European Union’s General Data Protection Regulation (GDPR) goes in to effect today, and that’s the reason why most email inboxes across the world are flooded with emails about updates to privacy policies for companies. GDPR will lay down a new set of rules regarding processing of personal data and with regards to free movement of this data. Essentially, ‘data protection’ is seen as a fundamental right under the new GDPR rules, and according to the Act, this is in “balance with other fundamental rights.” The new set of rules also aim to ensure a “high level of data protection.”

GDPR will give EU citizens more control over their data, but it has implications beyond the European Union. GDPR is also the reason why nearly all players from Google to Facebook are updating their privacy policies and alerting you about the same. Here’s a look at all the key developments with regard to GDPR, which comes into effect from today, which is May 25.

Also Read: GDPR: EU’s new data privacy regulation, and how it will affect rest of the world

Live Blog

General Data Protection Regulation (GDPR) LIVE UPDATES: Facebook, Google privacy policy updates

GDPR: Facebook introduces privacy reviews for Indian users

Facebook has updated its data policy as European Union's General Data Protection Regulation (GDPR) rules go in to effect from May 25. As part of changes, the social media platform will send an alert on users' News Feed encouraging them to review details about advertising, facial recognition software, and information they have shared over their profiles and Timelines.
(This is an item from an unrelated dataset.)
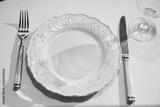 Top view. White plate in retro style with cutlery and glass.

Facebook's privacy review will be made available in 11 local languages in India.

ALSO READ: Facebook’s privacy review will be available in 11 Indian languages: Here’s what you will know

GDPR: What experts have to say

"Companies need to realize a breach is inevitable and key stakeholders, their customers, expect them to take reasonable measures to prevent breaches in the first place, and when that fails, to respond quickly and appropriately. GDPR mandates this practice for companies that operate in EU or company doing business with EU citizens. Questions remain, however, around implementation, interpretation and administration of the data protection practices – and these will need to be ironed out as the GDPR becomes enforceable. In order to be compliant, a business must begin introducing the correct security protocols in their journey to reaching GDPR compliance, including encryption, two-factor authentication and key management strategies to avoid severe legal, financial and reputational consequences," Rana Gupta, Vice President – APAC Sales, Identity and Data Protection, Gemalto said in a press statement.
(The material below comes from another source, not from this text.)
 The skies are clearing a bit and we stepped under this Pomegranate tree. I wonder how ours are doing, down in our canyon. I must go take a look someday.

GDPR and penalties: Will companies be fined for violation of rules?

Yes, this is one of the most important part of the GDPR framework. According to the rules, countries can fine companies over non-compliance or violations of GDPR. 'The fines must be effective, reasonable and dissuasive for each individual case,' according to the rules.  However, EU's GDPR also notes that the lack of cooperation with authorities will result in higher penalties. For really severe violations, countries can fine a company up to 20 million Euros or up to 4 per cent of a company's global turnover from the last fiscal year, whichever is higher.  Thus in theory,  companies like Google or Facebook could face a fine of billions of euros, if an EU country finds them guilty of seriously violating GDPR framework.  

GDPR and the right to be forgotten

EU's GDPR also comes with the right to be forgotten. In this, a user can demand that the company delete all the personal data they have collected regarding them,'without undue delay,' according o the Act. It also says that when the personal datas is no longer necessary for the purpose for which it was collected or if the user withdraws consent, or where personal data has been 'unlawfully processed,' they will have to remove the user data. 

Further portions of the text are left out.